### PROBLEM DETAILS
Only the lines from the one containing "为深入学习贯彻习近平总书记关" through the end of the material should be printed, exactly as they appear. Leave out pictures.

### SOURCE DATA
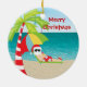 Tropical Beach Santa Palm Tree Christmas Ornament
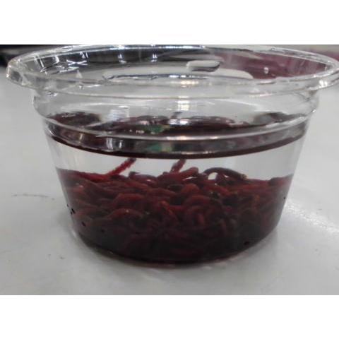 生きてる赤虫 約10g 約200匹以上います、 写真は約5gパック つりえさ 手長エビ、タナゴ、フナ、ハエ、ウグイ、など 小さい魚に対応してます。 針に刺しにくいので昔は、切った大根の上に赤虫を置いてそのまま針に刺してました。 観賞用淡水魚のエサとしても使えます。 カップのまま冷蔵庫で保管してください、死んだ赤虫を取り除いて、毎日水を代えれば2週間以上生きています。 *発送は発泡スチロールに保冷材を入れて普通便で発送いたします。
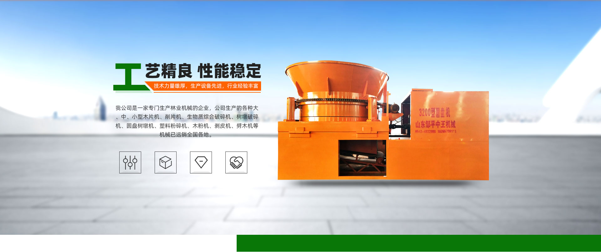 公司技術力量雄厚,生產經驗豐富,是生產木片機、削片機、剝皮機、劈木機等機械的企業,公司以高度的敬業精神、嚴格的科學管理、周到的售后服務宗旨。
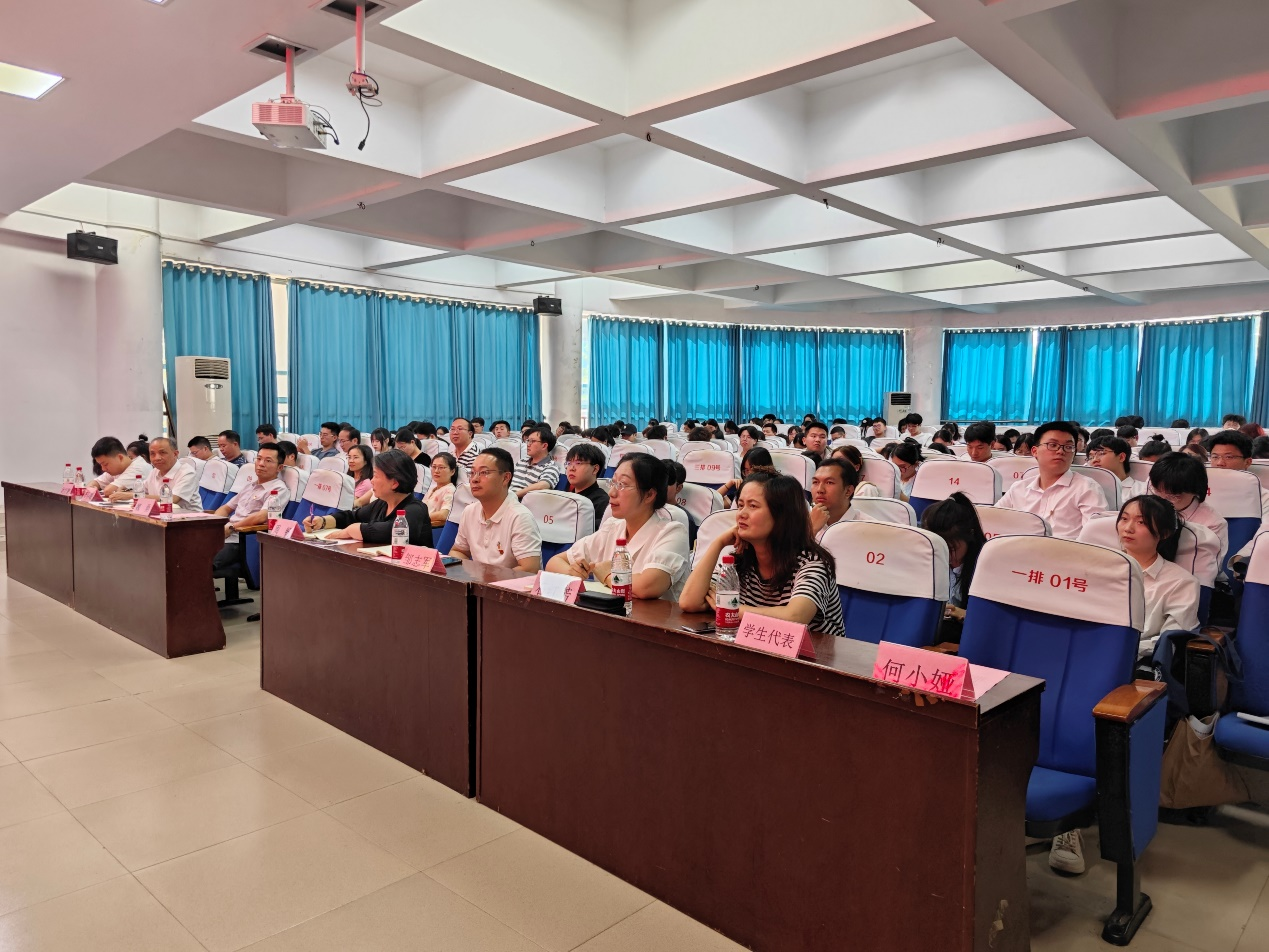 为深入学习贯彻习近平总书记关于党纪学习教育的重要讲话精神,扎实开展党纪学习教育,5月28日下午,物电学院党委邀请校党委委员、纪委书记谢贵辉为学院师生讲授“学习党规党纪,坚守纪律底线”的专题党课。学院党委委员、师生党员、入党积极分子100余人参加,院党委书记周畅主持。
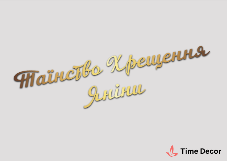 Пластиковий напис "Таїнство Хрещення Яніни" – дзеркальний або матовий пластик, можливе виготовлення з клейкою зворотною поверхнею для легкого монтажу.
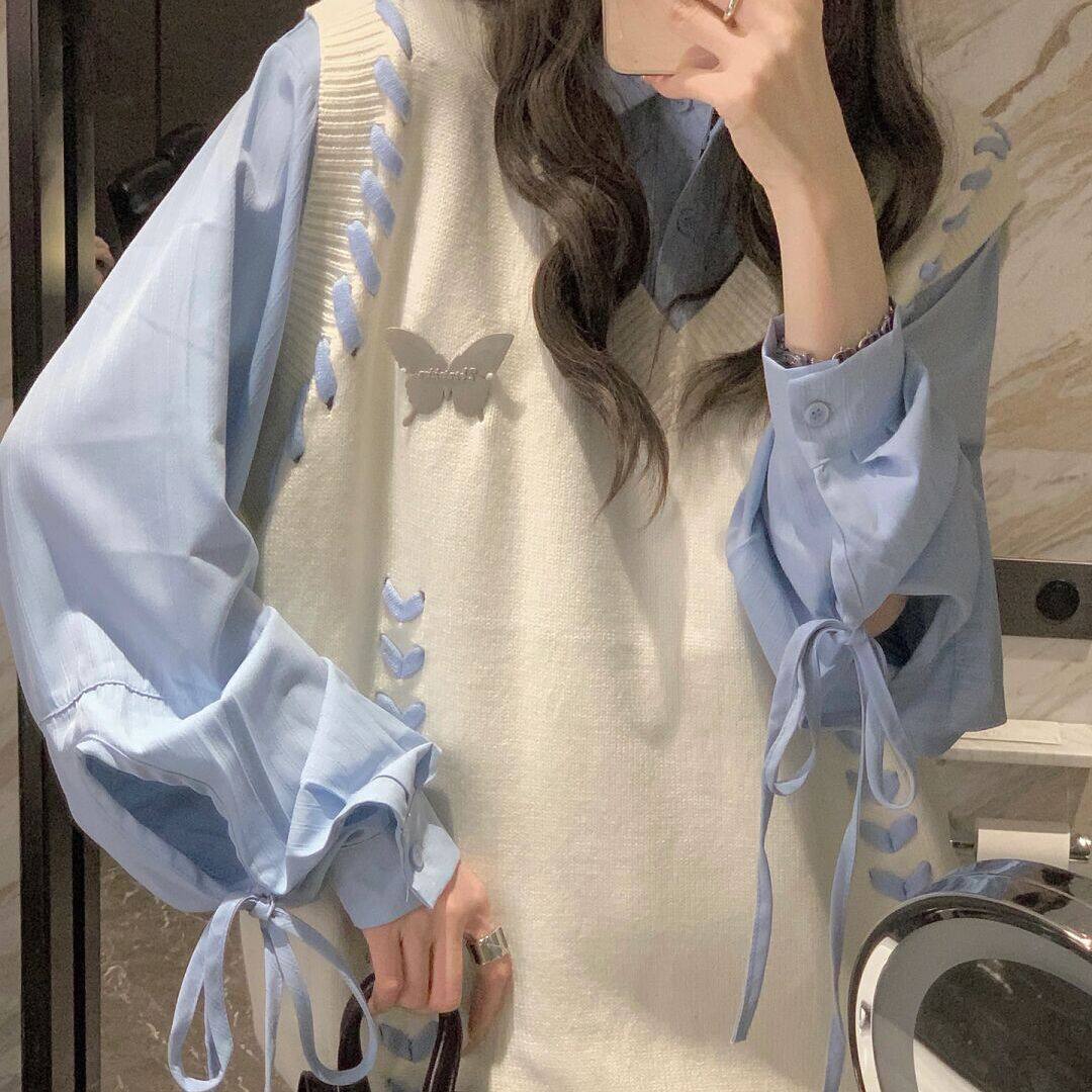 两件套装 女 学院风蝴蝶设计感绑带V领针织马甲背心毛衣女叠穿衬衫

### TASK SOLUTION
 为深入学习贯彻习近平总书记关于党纪学习教育的重要讲话精神,扎实开展党纪学习教育,5月28日下午,物电学院党委邀请校党委委员、纪委书记谢贵辉为学院师生讲授“学习党规党纪,坚守纪律底线”的专题党课。学院党委委员、师生党员、入党积极分子100余人参加,院党委书记周畅主持。
 Пластиковий напис "Таїнство Хрещення Яніни" – дзеркальний або матовий пластик, можливе виготовлення з клейкою зворотною поверхнею для легкого монтажу.
 两件套装 女 学院风蝴蝶设计感绑带V领针织马甲背心毛衣女叠穿衬衫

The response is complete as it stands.